# WORK INSTRUCTIONS
Write out the entries below exactly, but only from the line containing "Unlimited联合创始人" through the line containing "It has categories", and without the pictures.

---

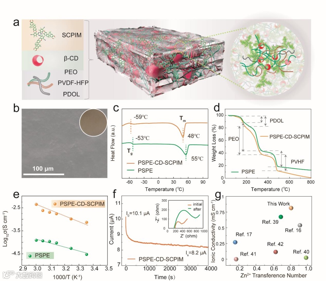 Figure 2. a) Schematic illustration of the collaborative design strategy combining non-covalent anchoring and framework confinement, enabling PSPE-CD-SCPIM to achieve superior ionic conductivity. b) SEM images and optical photographs of PSPE-CD-SCPIM, highlighting its structural morphology and flexibility. c) DSC curves of PSPE-CD-SCPIM and PSPE, demonstrating the effect of SCPIM and β-CD on the thermal properties of the electrolyte. d) TGA curves of PSPE-CD-SCPIM and PSPE, illustrating their thermal stability and decomposition behavior. e) Arrhenius plots of ionic conductivity for PSPE-CD-SCPIM and PSPE, revealing the temperature-dependent ion transport kinetics. f) Chronoamperometry curve of PSPE-CD-SCPIM, with inset showing the EIS before and after polarization, highlighting the Zn2+ transference number. g) Comparative analysis of PSPE-CD-SCPIM with other reported SPEs in terms of Zn2+ transference number and ionic conductivity, underscoring its superior performance.
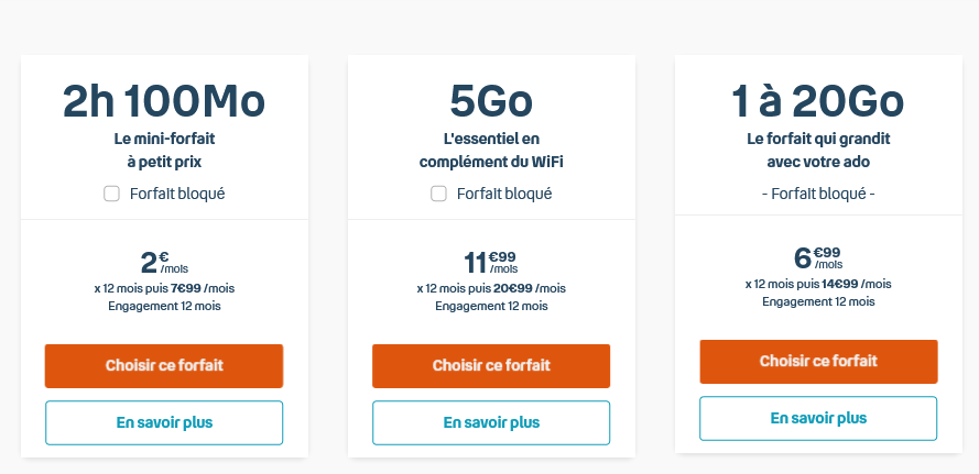- Forfait 2 h, 100 Mo en France, Europe, DOM et Andorre : 2,99 €/mois pendant 1 an, puis 7,99 €/mois. (existe aussi en version bloquée)
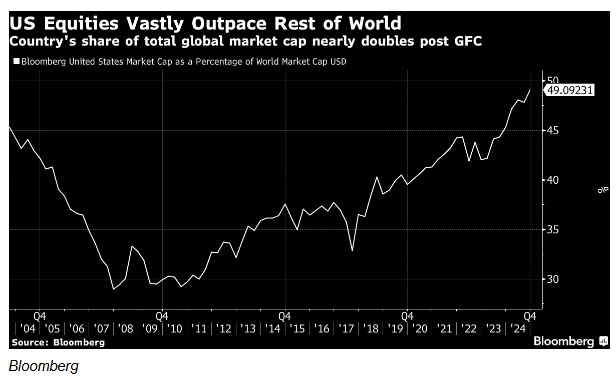 Unlimited联合创始人兼首席执行官鲍勃•埃利奥特表示:尽管短期来看,由于美联储相对于强劲的潜在增长奉行“过于宽松”的政策,美国有继续走强的势头,但目前的定价表明,未来盈利和财富可能永远难以令人置信地集中到美国企业。上一次美国股市出现这样的市值份额是在科技股泡沫破裂之前,我们都知道接下来几年的情况。
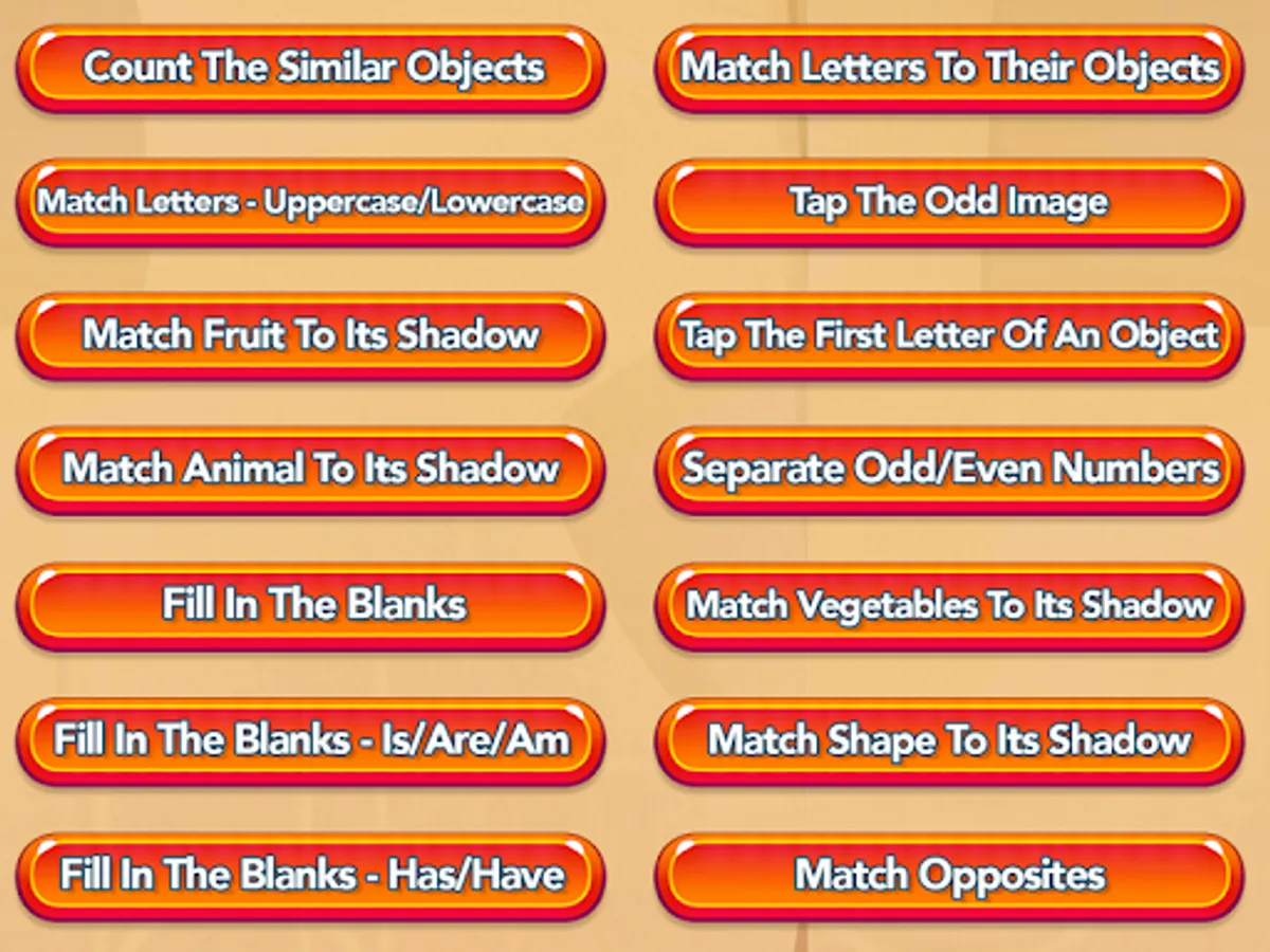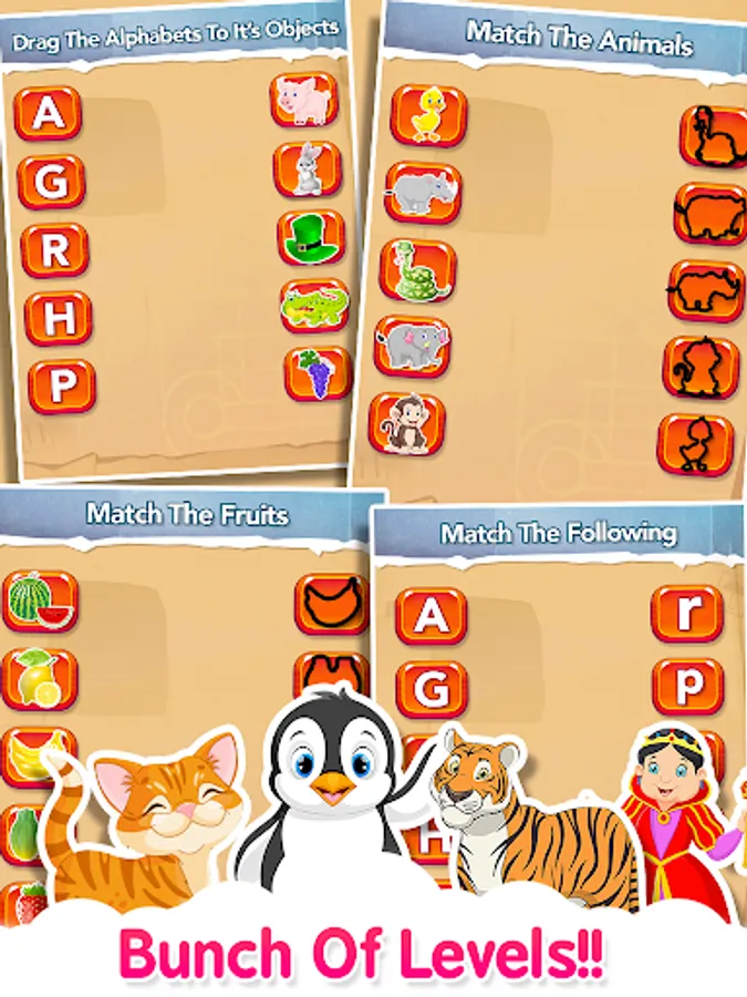 It has categories like, Match the - letters to its objects, Fruits with their shadows, vegetables with their shadows, Animals with their shadows, Shapes with their shadows for kids to learn basic identification of common objects which will boost their marking skills.
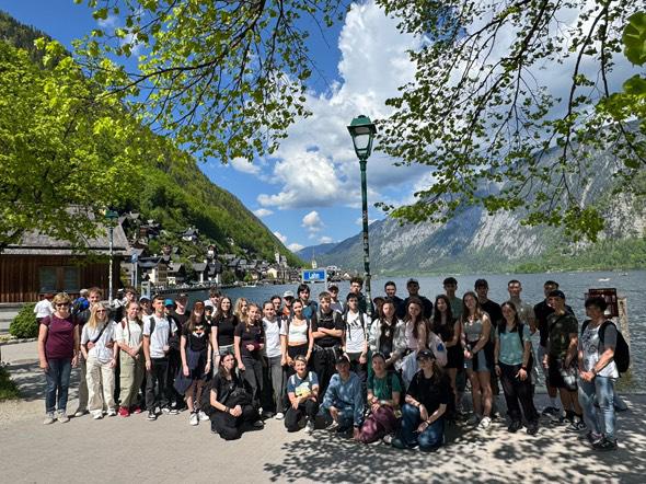 Když jsme ráno zastavili na protažení a snídani, všechny uchvátil pohled na nedaleké Alpy. To dozajista všechny probralo a po cestě už spousta žáků sledovala krásnou krajinu. Projeli jsme kolem Salzburgu, ale jeho prohlídka nás čekala až další den. Pokračovali jsme až za rakouské hranice do Německa. Jako první jsme se vydali autobusem po Rossfeld Panoramastrasse, vysokohorské silnici s nádhernými výhledy na alpskou krajinu. Pan řidič nám zastavil na parkovišti a my si výhled na hory i malebné údolí mohli vychutnat nejen přes okna autobusu. Dokonce padla i poznámka, že chaloupka v údolí vypadá jako chaloupka ze známé knížky Heidi, děvčátko z hor od Johanny Spyri. Poté jsme už jeli do Berchtesgadenu. Tam jsme došli na lanovku, která nás měla dovést na horu Jenner. Asi po 15 minutách cesty jsme se všichni v pořádku dostali k horní stanici lanovky. Zde se ale vrchol hory ještě nenachází, proto se většina v rámci rozchodu vydala na další 15 minutovou cestu k vrcholu. Na sraz se naštěstí všichni dostavili a my mohli vyrazit na zpáteční cestu lanovkou. Od stanice lanovky to byl kousek k malému přístavu na jezeře Königsee, kde jsme počkali na loď. Jezero je známé svou průzračnou vodou a taky, že tak trochu připomíná norské fjordy. Lodí jsme dopluli až k poutní kapli sv. Bartoloměje. Tam jsme mohli ochutnat místní ryby nebo se vydat na krátkou procházku podél jezera. Jak se zpátky dostaneme lodí, bylo na nás. Když jsme se všichni sešli u parkoviště, autobusem už to byla jen chvilka k solným dolům. Tam jsme dostali hornickou kombinézu a dobrodružství mohlo začít. První jsme jeli důlním vláčkem a poté už nás čekala prohlídka dolu. Nejlepší atrakcí pro mnohé byly dvě hornické skluzavky, po kterých jsme se mohli sklouznout. Silně ale skluzavkám mohla konkurovat krátká cesta lodí po podzemním jezeře. Večer jsme přejeli do Rakouska na naše ubytování.
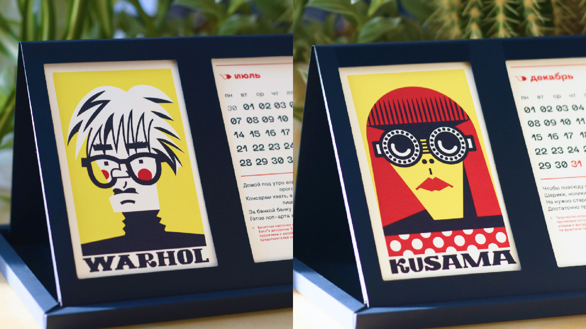 Для календаря мы отобрали персонажей с наиболее характерной внешностью и интересной легендой, все они представляют самую широкую палитру дизайнерского мастерства — от фотографии и промдизайна до архитектуры и плакатного искусства.
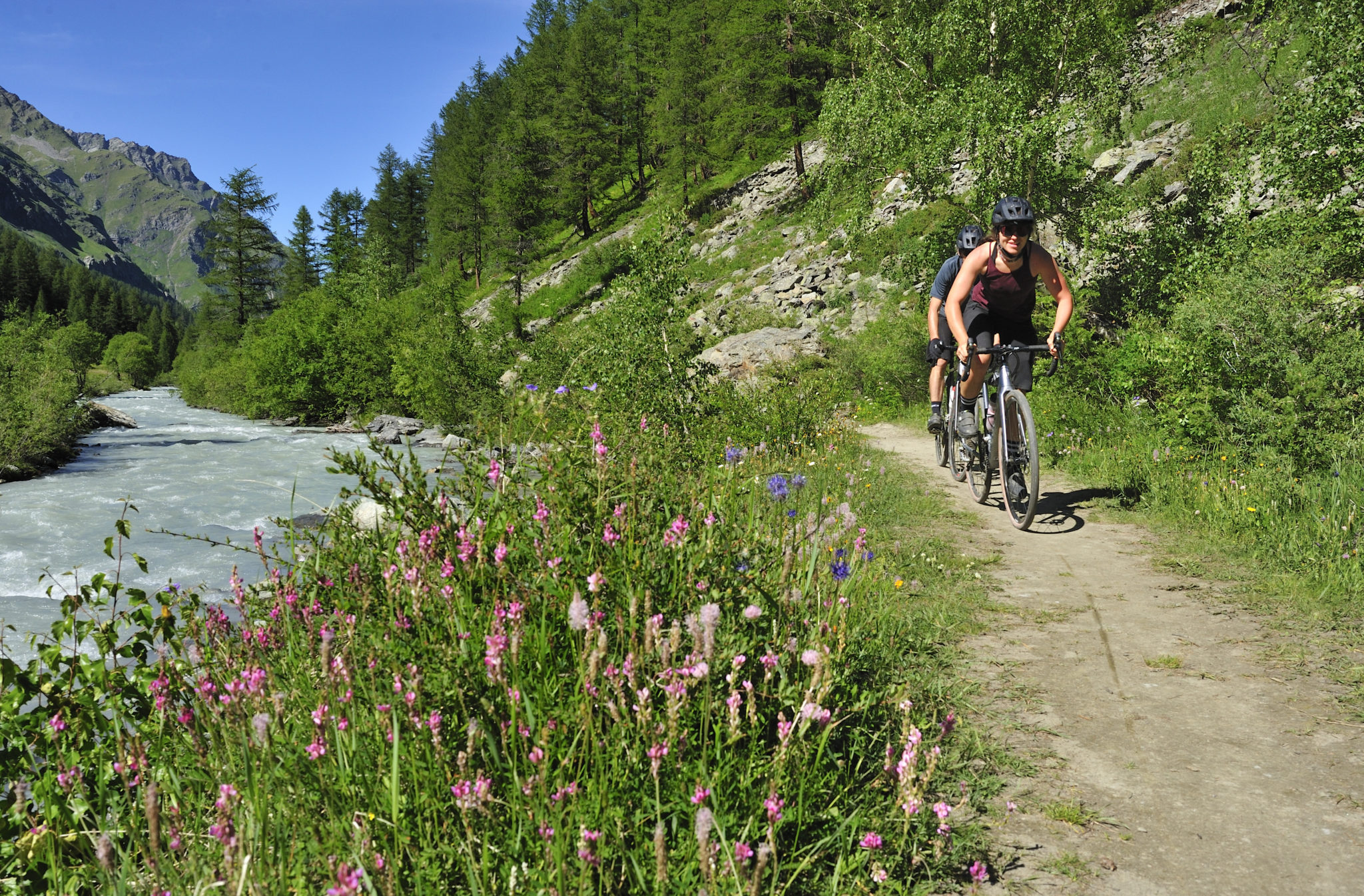 Les plus belles portes pour rentrer dans le massif sont celles qui nous sont données par les vallées de Valgrisenche, de Rhêmes et de Valsavaranche. Trois vallées et trois identités fortes que nous nous sommes empressés de découvrir en gravel, en compagnie de Vincent et de Morgan. Contrairement au parc frontalier de la Vanoise, au Grand Paradis le vélo est autorisé.

---

# TASK RESPONSE
 Unlimited联合创始人兼首席执行官鲍勃•埃利奥特表示:尽管短期来看,由于美联储相对于强劲的潜在增长奉行“过于宽松”的政策,美国有继续走强的势头,但目前的定价表明,未来盈利和财富可能永远难以令人置信地集中到美国企业。上一次美国股市出现这样的市值份额是在科技股泡沫破裂之前,我们都知道接下来几年的情况。
 It has categories like, Match the - letters to its objects, Fruits with their shadows, vegetables with their shadows, Animals with their shadows, Shapes with their shadows for kids to learn basic identification of common objects which will boost their marking skills.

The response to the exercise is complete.